Precipitation values were set using Victoria’s historical summer season monthly average, approximated at 40 mm [40]. Risk levels based on precipitation were demarcated as follows:

  • Low Risk: A rainfall increase of up to 25% above the historical average.

  • Medium Risk: A rise in rainfall between 25 and 85% above the historical average.

  • High Risk: Rainfall exceeding 85% above the historical average.

  • -1 (Not Suitable): Monthly averages falling below the 40mm threshold.

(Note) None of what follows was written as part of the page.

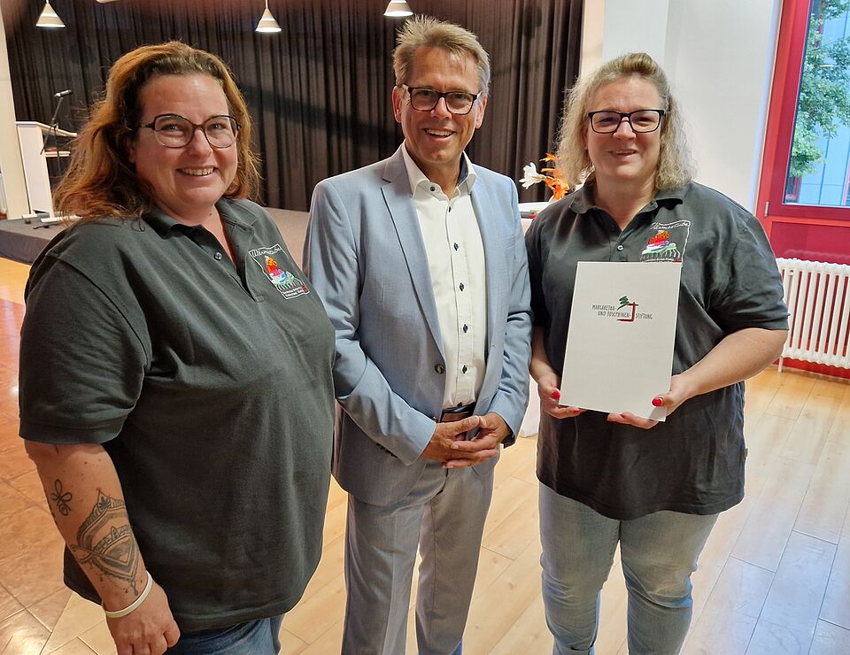 Stiftungskurator Jürgen Baunach übergab die Stiftungsurkunde vor wenigen Tagen an Katrin Wassermann, die Leiterin der Wärmestube mit Übernachtungsstelle, und ihre Mitarbeiterin, Hauswirtschafterin Alexandra Lingenhöl. Der großzügige Betrag wird für den Unterhalt des Foodtrailers sowie für die Anschaffung von Lebensmitteln, Hygieneartikeln u.v.m. verwendet, die zum Betrieb des Anhängers benötigt werden. Mit ihm fahren Mitarbeitende der Wärmestube jeden Sonntag zu einer städtischen Obdachlosenunterkunft in Kempten, um auch den dortigen Bewohnerinnen und Bewohnern die Möglichkeit zu geben, in den Genuss einer frisch zubereiteten warmen Mahlzeit zu kommen. Zum Preis von 1,50 Euro erhalten sie eine Hauptspeise mit Salat oder Suppe oder Dessert. Je nach Verfügbarkeit werden außerdem kostenlos Waren des täglichen Bedarfes, wie etwa Hygieneartikel oder länger haltbare Lebensmittel vergeben. Im Durchschnitt nutzen 30 Personen dieses Angebot. Katrin Wassermann bedankte sich im Namen des BRK Oberallgäu sehr herzlich für die großartige Unterstützung.

Criteria regarding proximity to piggeries and wetlands were identified due to their relevance in the disease emergence process. Pigs and waterbirds act as amplifying hosts, and wetlands provide a suitable habitat for Cx. annulirostris [36, 41]. Distances from these focal points were determined in kilometres (km), reflecting the dispersal distance capabilities of the mosquito Cx. annulirostris. Specifically, the average flying distance of this species is up to 2 km and a maximum distance of 10 km [41]. Accordingly, the risk values were assigned as:

  • 0 – 2 km: Rated 10.

  • 2 – 4 km: Rated 6.

  • 4 – 10 km: Rated 4.

  • Above 10 km: Rated 0.

Population density was the final criterion, with value ranges informed by the Australian Bureau of Statistics [42]. The classifications were as follows:

  • No population: Rated 0.

  • Up to 2000 people/km2 (Low Density): Rated 4.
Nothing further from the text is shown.